Basically, we can divide the machine learning pipeline into the training phase and test phase.

In the test phase, the trained model is evaluated on examples it hasnt seen before.
If it performs on par with the desired criteria, then it is deployed for production.
Adversarial attacks that are unique to the training phase include data poisoning and backdoors.

Indata poisoning attacks, the attacker inserts manipulated data into the training dataset.
Test phase or inference time attacks are the types of attacks that target the model after training.
The most popular jot down is model evasion, which is the typical adversarial example that has become popular.
Another class of inference-time attacks tries to extract sensitive information from the target model.
For example,membership inference attacksuse different methods to trick the target ML model to reveal its training data.
Another important factor in machine learning security is model visibility.
Everyone else can see the models architecture and parameters, including attackers.
Having direct access to the model will make it easier for the attacker to create adversarial examples.
Black-box ML is harder to attack because the attacker only has access to the output of the model.

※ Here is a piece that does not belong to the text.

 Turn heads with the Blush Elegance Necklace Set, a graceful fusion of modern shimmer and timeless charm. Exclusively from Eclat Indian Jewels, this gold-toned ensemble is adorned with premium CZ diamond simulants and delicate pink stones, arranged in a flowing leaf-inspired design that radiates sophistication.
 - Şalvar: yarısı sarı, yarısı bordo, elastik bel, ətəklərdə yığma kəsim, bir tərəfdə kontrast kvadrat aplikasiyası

But harder doesnt mean impossible.
It is worth noting there are severalmodel-agnostic adversarial attacksthat apply to black-box ML models.
Adversarial robustness for machine learning really differentiates itself from traditional security problems, Chen says.

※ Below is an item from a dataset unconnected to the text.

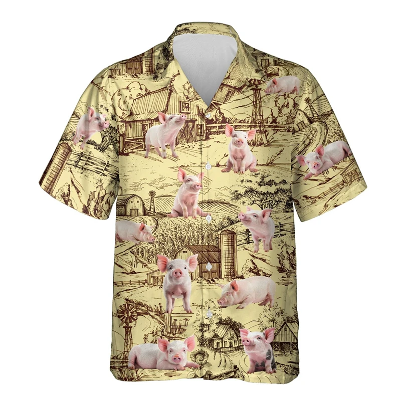 Funny Animal Pig 3D Printed Beach Shirt Cute Pet Graphic Shirts For Men Clothes Casual Hawaiian Surfing Short Sleeve Boy Blouses
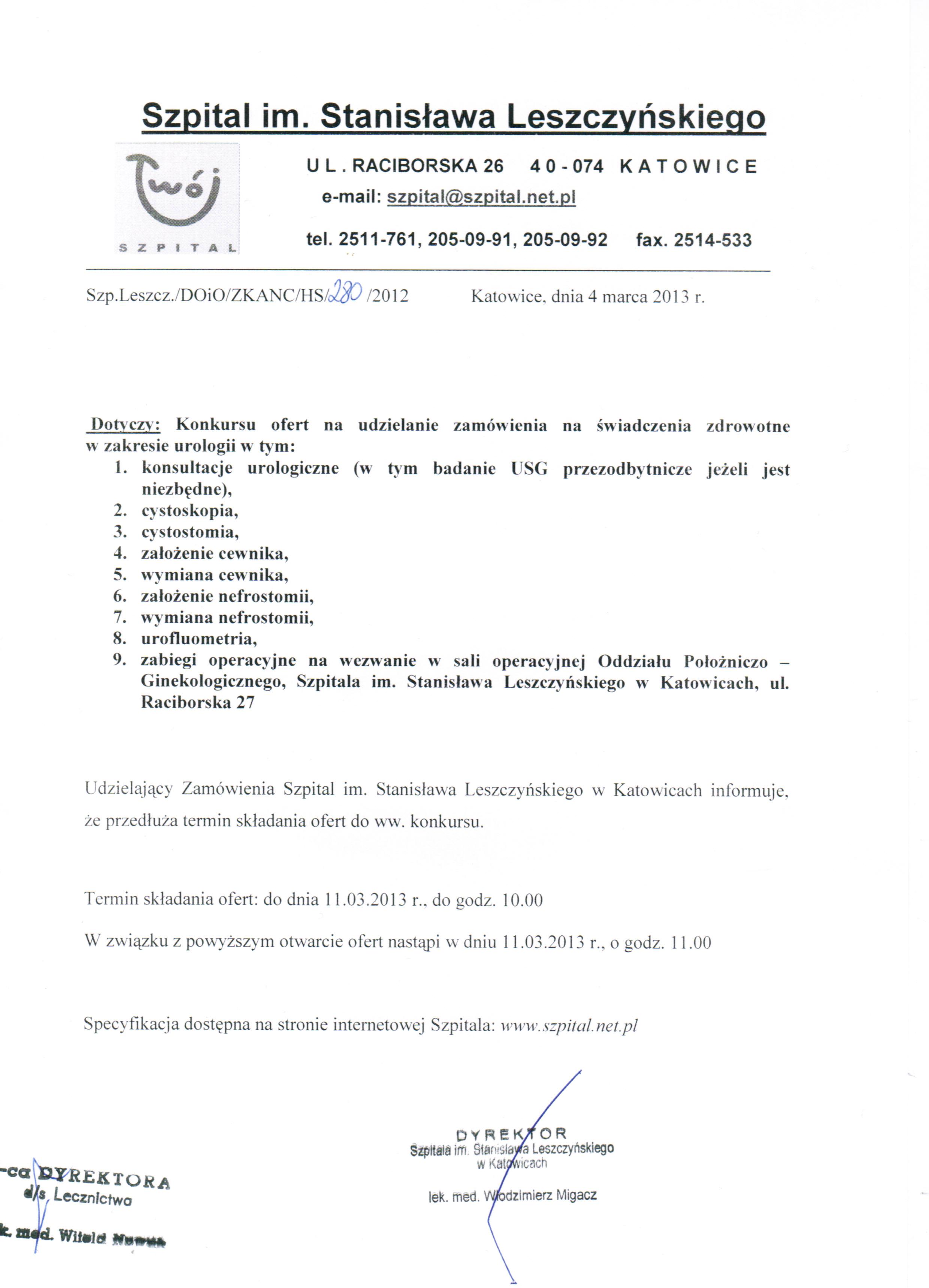 Szpital im. Stanisława Leszczyńskiego w Katowicach ul. Raciborska 26 zwany dalej Udzielającym Zamówienia ogłasza zamówienie na udzielanie świadczeń zdrowotnych w zakresie urologii w tym:

The security community is gradually developing tools to build more robust ML models.
But theres still a lot of work to be done.
Images, audio, and text files might seem innocuous per se.
But they can hide malicious patterns that can poison the deep learning model that will be trained by them.
What kind of data are you training your model on?
If youre using your own data to train your machine learning model, does it include sensitive information?
Who is the models developer?
Check the integrity of the models publisher.
Who else has access to the model?
You must set your defenses to account for such malicious behavior.
As Ive mentioned before, detecting adversarial tampering on data and model parameters is very difficult.
Therefore, you must see to it to detect changes to your data and model.
Researchers from academia and tech companies are coming together to develop tools to protect ML models against adversarial attacks.
TheAI Incident Databaseis a crowdsourced bank of events in which machine learning systems have gone wrong.
It can help you learn about the possible ways your system might fail or be exploited.
Machine learning needsnew perspectives on security.
Hopefully, these tips will help you better understand the security considerations of machine learning.
For more on the topic, see Pin-Yu Chens talk on adversarial robustness.
you’ve got the option to read the original articlehere.